冒険者にふさわしいウイスキーをプレゼントしようと決めていた。

 

ウイスキー界の冒険者といわれるビル・ラムズデン博士のチャレンジャブルなボトルを見つけた。

 

グレンモーレンジシグネット

 

ビル・ラムズデン博士は語る。

 

"

グレンモーレンジシグネット」のような深煎りモルトを思いついたきっかけは何ですか?

 

実をいうと、コーヒーへの不満がきっかけでした。

 

淹れたてのコーヒーのアロマは素晴らしいのに、香りに匹敵する味わいに出会えない。このギャップは何だろうと考え、学生時代に面白半分でいろいろなローストやコーヒー豆を試してみた結果、ブルーマウンテンのミディアムローストが最高だという結論に至りました。

 

そしてローストのプロセスと、モルトウイスキーの世界をひとつにできないだろうかと悩んだ挙句に、大好きなクラフトビールのようにスタウトやポーターに使うハイローストのチョコレートモルトを作ればいいじゃないかと思いつきます。

 

グレンモーレンジィのスピリッツから秘密のバッチをつくり始め、納得できる処方を確定させるまでには長い時間がかかりました。

 

チョコレートモルトウイスキー自体は荒々しいので、7~8種類のグレンモーレンジィを組み合わせたレシピになります。

 

処方は年に1~2回おこないますが、極めて複雑な細部を持っているので完全に同じものをつくるのは不可能です。

"

ウイスキーの冒険者 ビル・ラムズデン博士に訊く」より

http://whiskymag.jp/dblm/

 

 

ウイスキーの原料である大麦麦芽は通常、麦芽の成長を止めるために乾燥させる。
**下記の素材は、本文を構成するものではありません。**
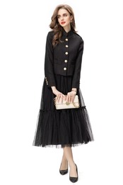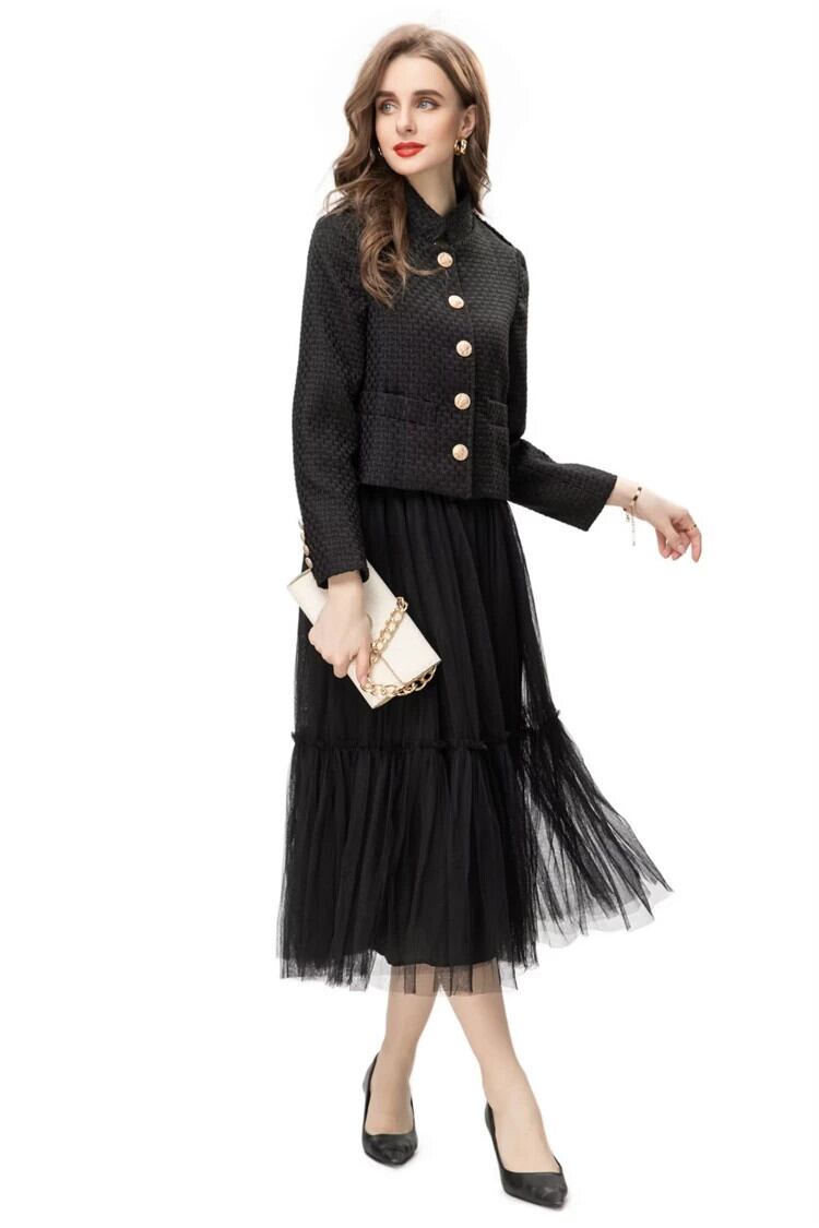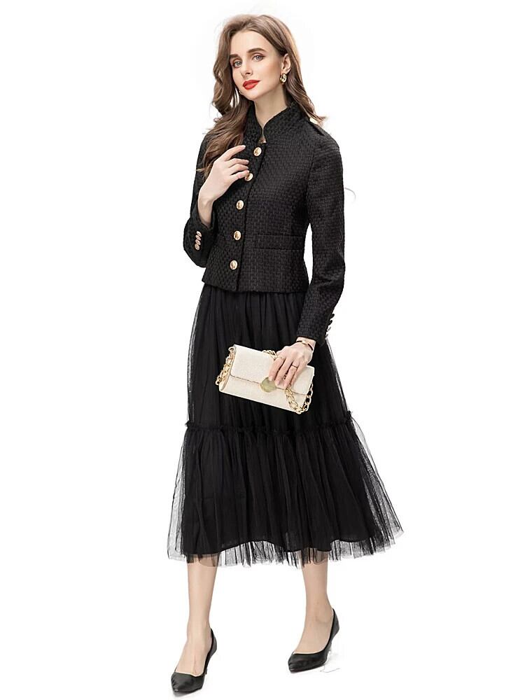 滑走路高級春秋シックコートメッシュハーフスカートブラックグレーパーティーオフィススリムレディースセット スプリング 春物 オータム 秋物 会社 学校 通勤や通学にも

その際にピートを使えば燻製のようなピート臭がつくことはよく知られている。

 

しかし、ビル・ラムズデン博士はその麦芽乾燥工程でさらに焙煎をしてみたというのだ。これは黒ビールを作る工程の応用である。ウイスキーでは初の試みではないだろうか。

 

焙煎することでコーヒーと同様のアロマがウイスキーに抽出されることになる。しかし焙煎香には焦げ臭い不快なにおいも含まれる。ウイスキーの他のアロマとのバランスを両立させるのは難しいだろう。それを7~8種類のグレンモーレンジをブレンドすることで実現しているのだ。

 

 

 

確実に美味い。間違いない。

 

 

 

早速、グレンモーレンジシグネットをネットで購入した。1万6千円だった。僕が購入した中では過去最高額である。それを河江さんのお祝い会でプレゼントできることを想像するだけでワクワクした。

 

グレンモーレンジシグネットは厚さ1cmはある黒い箱に入っていた。箱だけでも相当な重さである。

同じ容量のボウモアと比べるとその重厚感が際立つ。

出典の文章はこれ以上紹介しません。